* **Problem details**: For this exercise, output exactly the lines from the opening line of the listing through the line with "Yeşil kuvars ve", skipping pictures.
:: Data for analysis
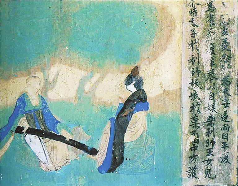 在莫高窟第321窟壁畫中有一幅“青年男女圖”:畫面中一對戀人穿著“情侶衫”,女子的上衣與男子的長袍是同樣的淡綠色。他們兩人身材高挑、情意綿綿,女子右手前指,含情脈脈望向男子,男子喜不自禁,右手緊握著女子長長的左邊衣袖。在莫高窟第85窟壁畫中有一幅“樹下彈琴圖”:畫面描摹的是波羅奈國太子善友與作惡多端的弟弟惡友的故事。善友被弟弟設計陷害,雙目失明,悲憤不已的他只能在樹下彈琴來排遣不幸,美麗的利師跋國公主被他的琴聲吸引感動,不顧一切與他結為夫妻。后來在公主的幫助下,善友太子奪回了屬于自己的一切。畫面里的善友與公主二人神色寧靜,祥和雋永。在榆林窟第38窟壁畫中有一幅“同入青廬圖”:畫面上一對男女衣著華美,男子一襲赭紅長衫,喜氣洋洋;女子著套色衣裙,衣袂飄飄,緊緊依偎在愛人身邊,正可謂“金風玉露一相逢,便勝卻人間無數(shù)”。
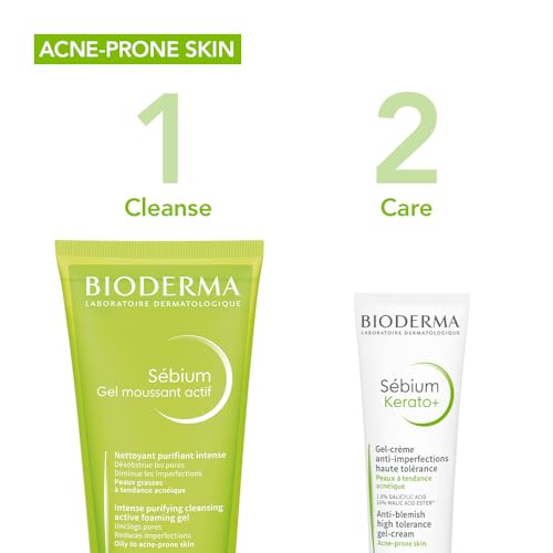 Bioderma Sebium Gel Moussant Actif Intense Purifying Cleansing Foaming Gel with Salicylic & Glycolic acid |Oily and Acne-Prone Skin, 200ml
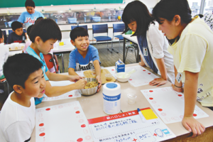 子どもたちに健康的な生活習慣を啓発するための、産官民連携のプロジェクト「朝ハロしよ!」が、7月14日(木)・15日(金)、平野小学校(平野3-6-3、葛谷裕治校長)で行われた。
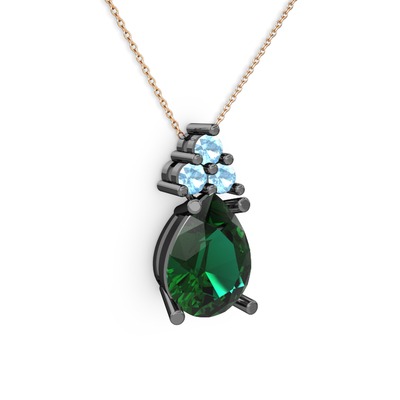 Yeşil kuvars ve akuamarin 925 ayar siyah rodyum kaplama gümüş kolye (40 cm rose altın rolo zincir)
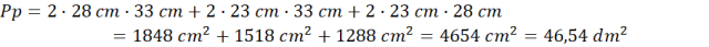 Wiedząc, że każdy z wymiarów pudła jest o 3 cm większy od wymiaru lampy oblicz jego pole powierzchni.
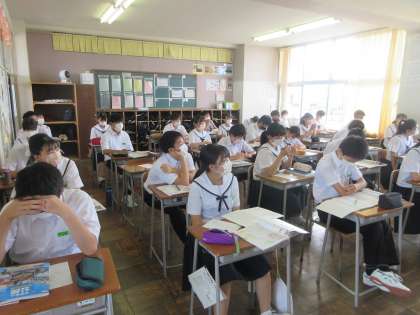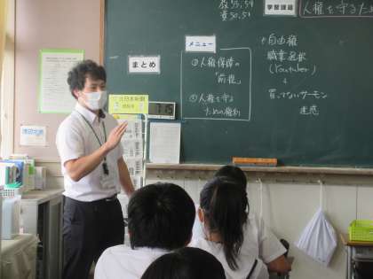 社会の授業です。 人権を守るためにどのような権利が必要かを学習しました。
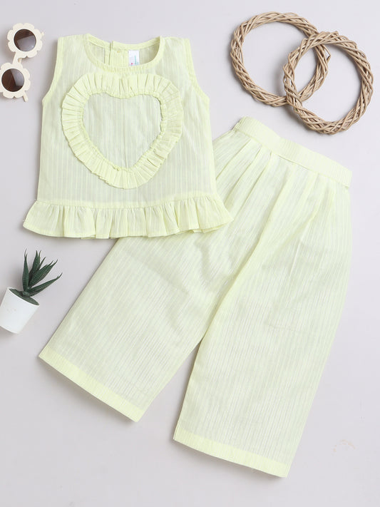 Yellow Coord set with heart detailing on the Top and Pleated Pants
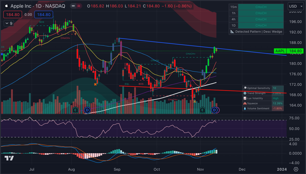 You’re going to hate me for this, but there’s a theme here. MSFT shouldn’t have even made it this high, but here we are. The run is out of steam. MSFT is overbought big time and has been hanging out in the Lux Algo sell zone for a week. You can see the MACD starting to roll over and we think it’s time. We’re short on Microsoft from here.
::::
* **Answer to this task**:
 在莫高窟第321窟壁畫中有一幅“青年男女圖”:畫面中一對戀人穿著“情侶衫”,女子的上衣與男子的長袍是同樣的淡綠色。他們兩人身材高挑、情意綿綿,女子右手前指,含情脈脈望向男子,男子喜不自禁,右手緊握著女子長長的左邊衣袖。在莫高窟第85窟壁畫中有一幅“樹下彈琴圖”:畫面描摹的是波羅奈國太子善友與作惡多端的弟弟惡友的故事。善友被弟弟設計陷害,雙目失明,悲憤不已的他只能在樹下彈琴來排遣不幸,美麗的利師跋國公主被他的琴聲吸引感動,不顧一切與他結為夫妻。后來在公主的幫助下,善友太子奪回了屬于自己的一切。畫面里的善友與公主二人神色寧靜,祥和雋永。在榆林窟第38窟壁畫中有一幅“同入青廬圖”:畫面上一對男女衣著華美,男子一襲赭紅長衫,喜氣洋洋;女子著套色衣裙,衣袂飄飄,緊緊依偎在愛人身邊,正可謂“金風玉露一相逢,便勝卻人間無數(shù)”。
 Bioderma Sebium Gel Moussant Actif Intense Purifying Cleansing Foaming Gel with Salicylic & Glycolic acid |Oily and Acne-Prone Skin, 200ml
 子どもたちに健康的な生活習慣を啓発するための、産官民連携のプロジェクト「朝ハロしよ!」が、7月14日(木)・15日(金)、平野小学校(平野3-6-3、葛谷裕治校長)で行われた。
 Yeşil kuvars ve akuamarin 925 ayar siyah rodyum kaplama gümüş kolye (40 cm rose altın rolo zincir)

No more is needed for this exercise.